:: Material for the task
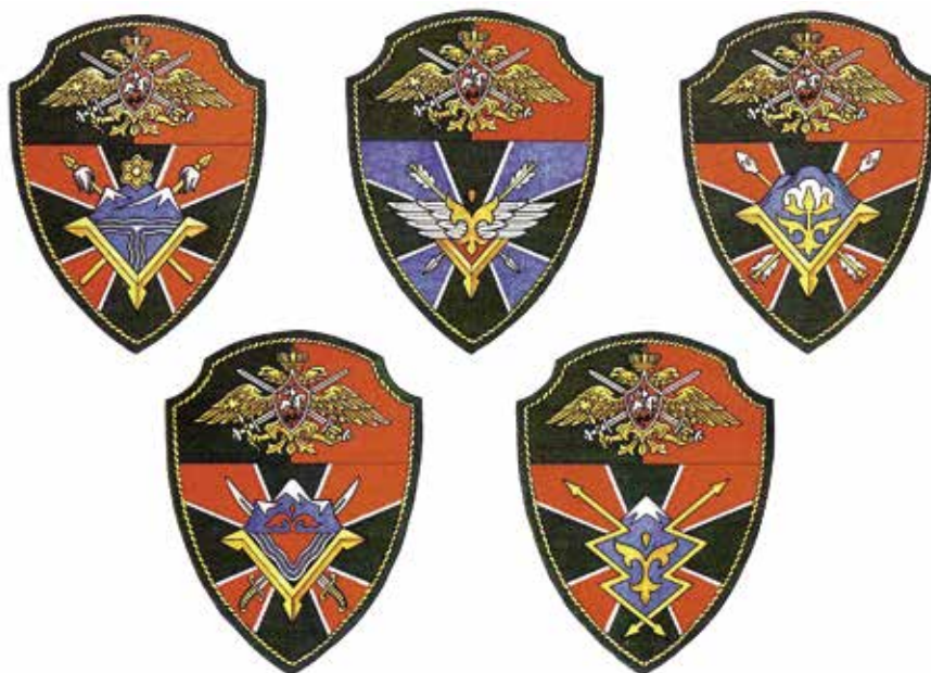
Ил. 8. Нарукавные знаки отрядов и авиационного полка пограничной группы ФПС России в Республике Таджикистан
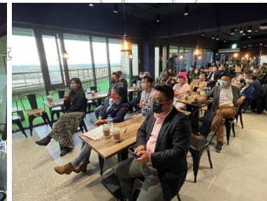
空間多功能使用示意
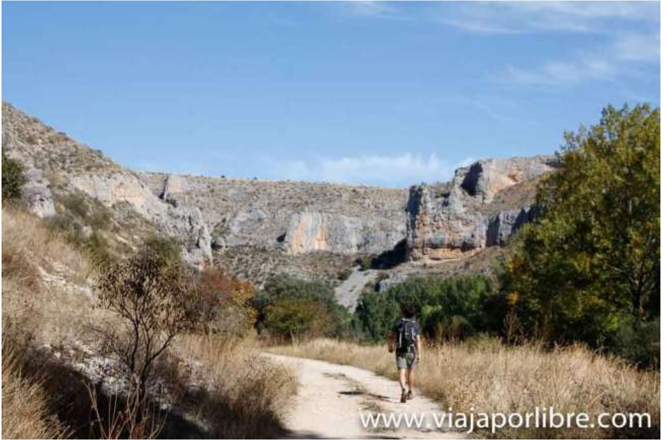
Hoces del Riaza
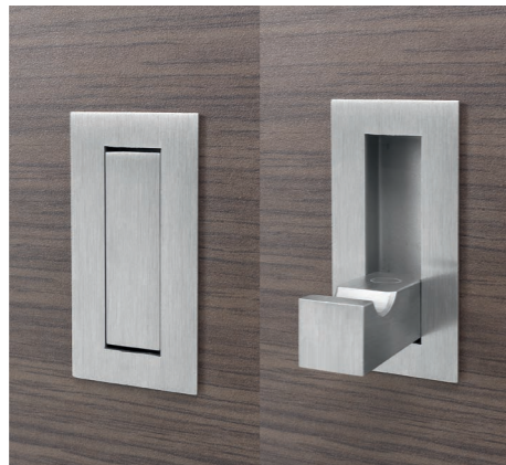
Garderobenhaken rechteckig mit Magnetzuhaltung Nr. 70637
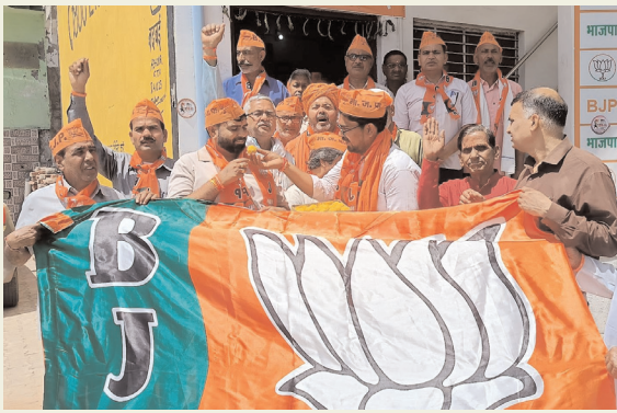
राजस्थान की राजनीति

शहर मंडल कार्यालय पर सामूहिक हनुमान चालीसा पाठ का आयोजन
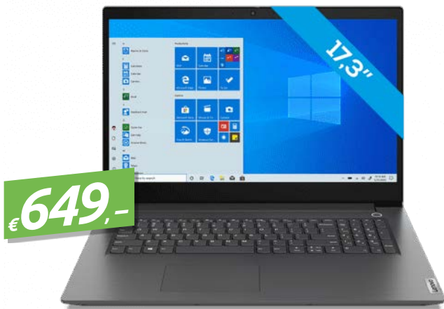
LENOVO V17-IIL IRON GREY (82GX008EGE) 17.3" NOTEBOOK, I3-1005G1, 8GB/256GB SSD, WIN10PRO
::::
▶ [Problem to work on]: A verbatim reproduction of each entry is expected, with every picture omitted.

▶ [Task answer]:
Ил. 8. Нарукавные знаки отрядов и авиационного полка пограничной группы ФПС России в Республике Таджикистан
空間多功能使用示意
Hoces del Riaza
Garderobenhaken rechteckig mit Magnetzuhaltung Nr. 70637
राजस्थान की राजनीति

शहर मंडल कार्यालय पर सामूहिक हनुमान चालीसा पाठ का आयोजन
LENOVO V17-IIL IRON GREY (82GX008EGE) 17.3" NOTEBOOK, I3-1005G1, 8GB/256GB SSD, WIN10PRO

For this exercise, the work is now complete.